/spark-skew-join-examples

Simple examples on techniques for handling skewed data in Spark 2.0

Primary LanguageScala

Spark Skew Join Examples


Examples on handling skewed data in Spark, with strategies to remove skews while doing joins. In the first version these examples are geared towards data sets where the value of the skew is known. For data sets where skews are unknown, check out https://github.com/anish749/spark-skew-join.

Data Sources used:

  • NYSE stock trading data from Kaggle.

Demo:

Compiling and running:

Versions used and tested:
  • Scala 2.11.6
  • Spark 2.1.0
  • Java 1.8 and Maven 3.3.9
Download data from:

Compile as follows

mvn clean package

Load the project in IntelliJ for analysis, and understanding. Since this is meant to be more of examples, I didn't try in a Sandbox or in a cluster. However things would work just fine with correct paths.

Run the class CreateRandomSkewedData. This would generate some skewed data which we would use for our understanding. This also modifies the data to increase the skew for our examples.

Overview of Data

Once we run the CreateRandomSkewedData we would see 5 data sets generated in skewed_stock folder.

fundamentals

This is a small dataset with only 275 records. This is the stock symbol and some look up date. We would use this to understand broadcast join.

prices_raw

The dataset we downloaded is converted by taking on the first two letters of the symbol. This effectively increases skew a bit. But enough to have one particular stock with a very high frequency of records. We have this stored as 4 nearly equally sized partitions.

prices_withFeatures

This is meant to look like some processed data and we add a few other columns f1, f2... f5. We have also multiplied one record (for symbol AB) by 3e6 which means a heavy skew for one particular value. Real world datasets look similar to this with a heavy skew on one or two values and moderate to no skews for all others.

someCalculatedLargeData

Supposed to be the other side of joins, this is an aggregated data at a day level for each symbol. This dataset has no skew. Partitioned based on the symbol.

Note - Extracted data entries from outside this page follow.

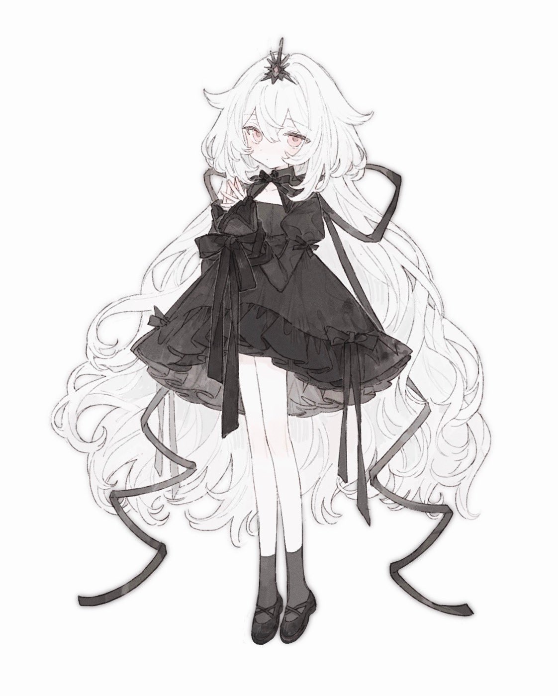 1girl black_dress black_ribbon black_socks collarbone crossed_bangs curly_hair dress frilled_dress frilled_sleeves frills full_body hair_between_eyes highres huge_bow juliet_sleeves koirariko long_hair long_sleeves original own_hands_together pink_eyes pointed_crown puffy_sleeves ribbon simple_background skirt socks solo standing very_long_hair white_background white_hair window_shadow
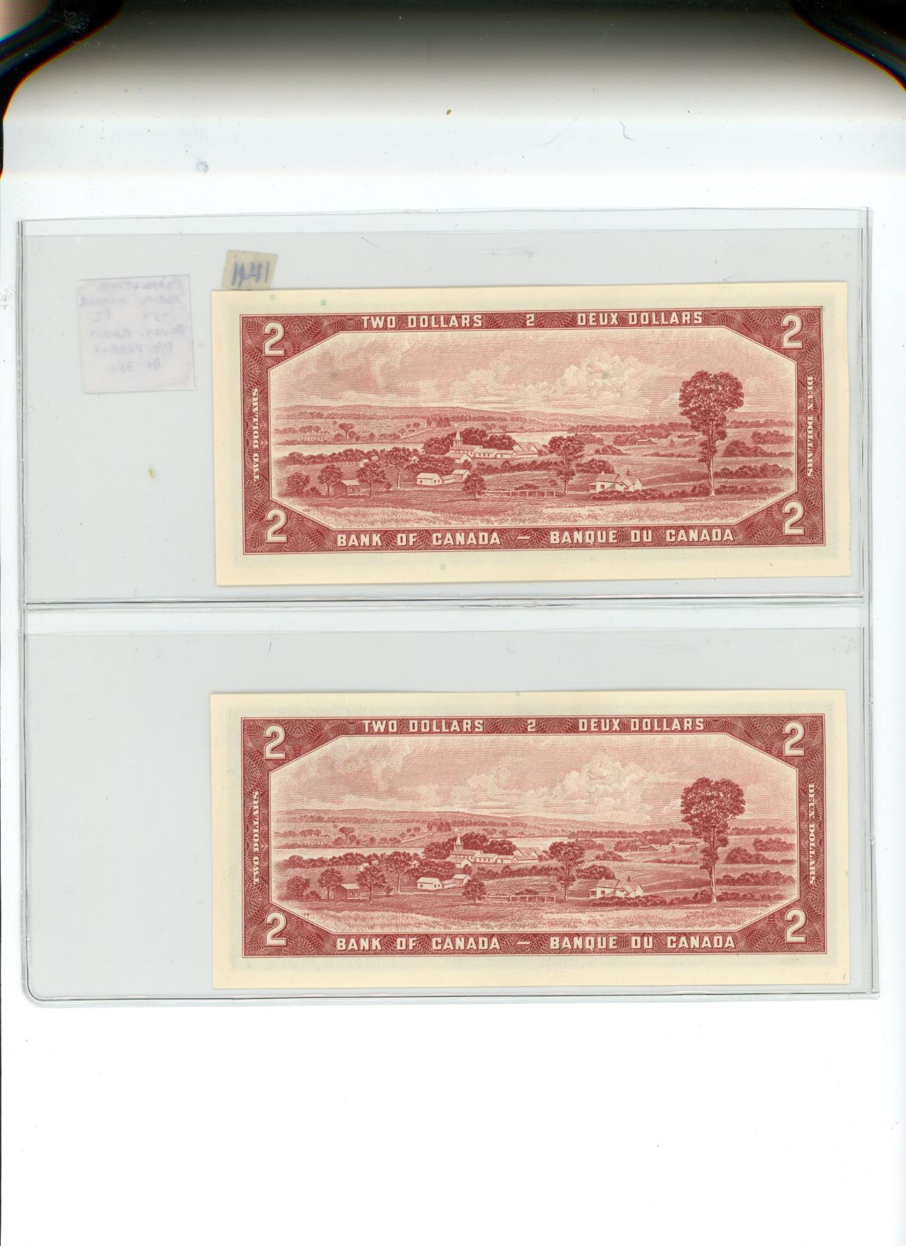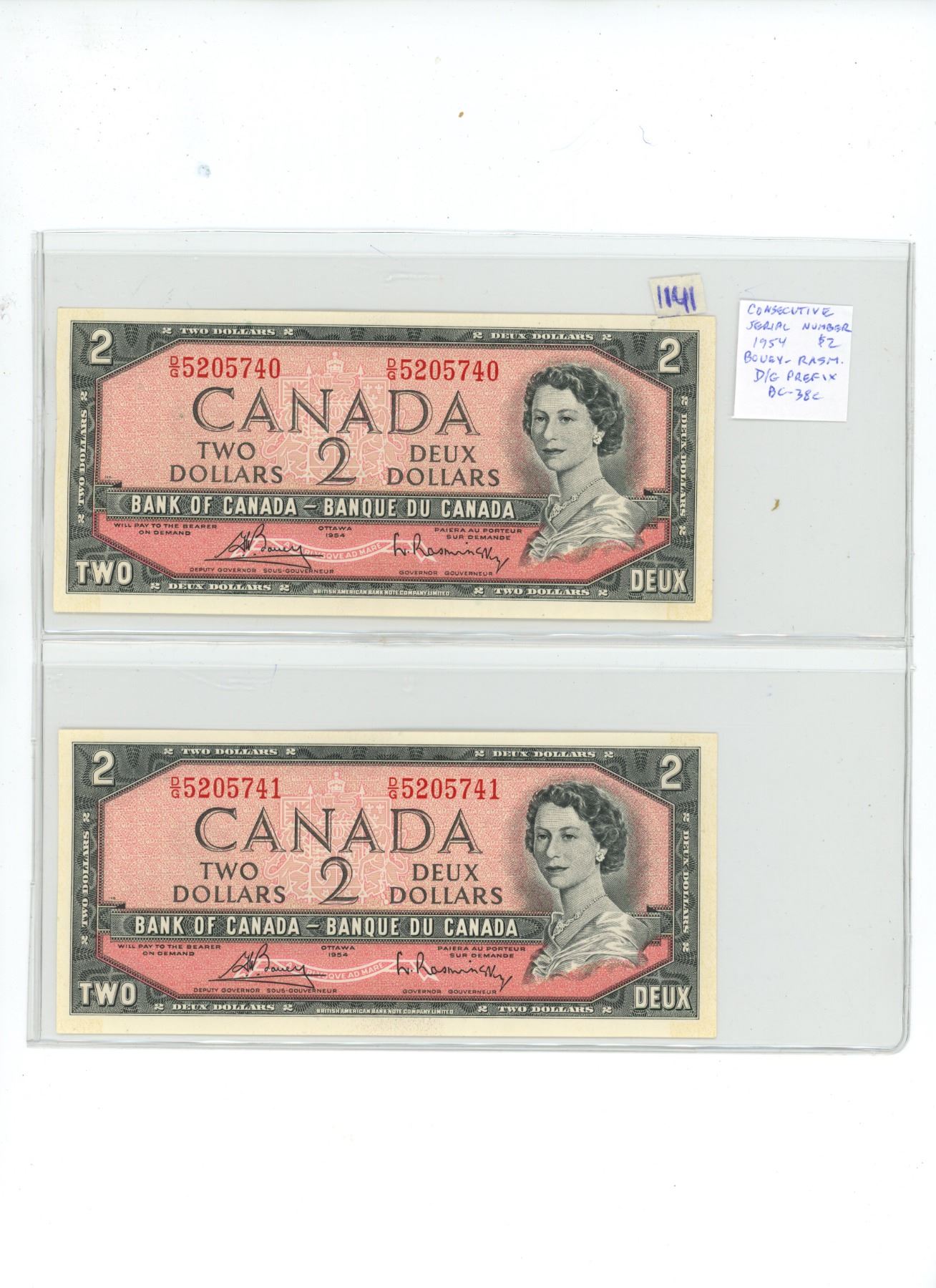Lot of 2 Consecutive Serial Number 1954 Modified Portrait $2 notes. Bouey-Rasminsky signatures. D/G Prefix. Serial Numbers 5205740 & 5205741. BC-38c.
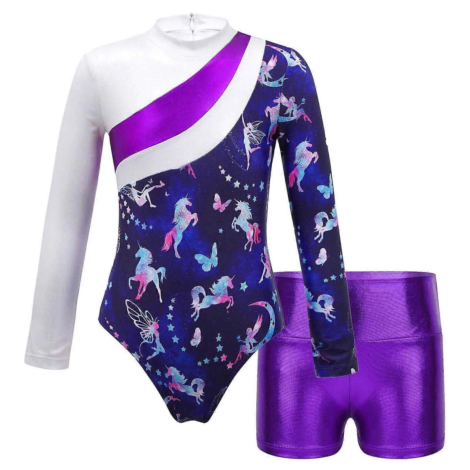 Kids Girls Ballet Outfit Childs Long Sleeve Printed Dance Leotard with Shorts Children Gymnastics Jumpsuit Performance Dancewear

someCalculatedLargeData_withdups

The previous dataset but with an added skew on a different value than the one with prices_withFeatures. This is supposed to be used as the right side of the join, but with a different skewed value than the left side. This prevents a pure cross join.

Executing the examples

The examples for the joins are in the following two classes.

IsolatedSkewJoin

This is meant for joining two large (none fits in memory of a single node) with one of the values in one data frame having a heavy skew. This is a very common scenario. Execute the code after generating the datasets and use the Spark UI to see the task times.

Since we know the value on which the skew exists, we handle it differently by using a technique called Fragmented-Replicated join. The dataset which has the skew is fragmented in isolation by introducing a salt. The same record in the other dataset is replicated to match each value of the salt. The join is then made with both the actual key and the salt as the new key.

I will write a detailed explanation in a blog post soon.

SkewedBroadcastJoin

In this case one of the datasets is small enough to completely fit in memory and can be broad casted across all executors, resulting in a map side join. The other dataset is skewed. We introduce a salt for isolating the skewed value and fragmenting it, and then repartitioning the dataframe with the original key and the salt to divide the skew into multiple smaller partitions. The join then proceeds as usual. Because the data has been repartitioned, the skew has been removed.

Dataset Utils

A few utility functions used for understanding partition stats and skews are provided in the Utils class and can be used by importing accordingly.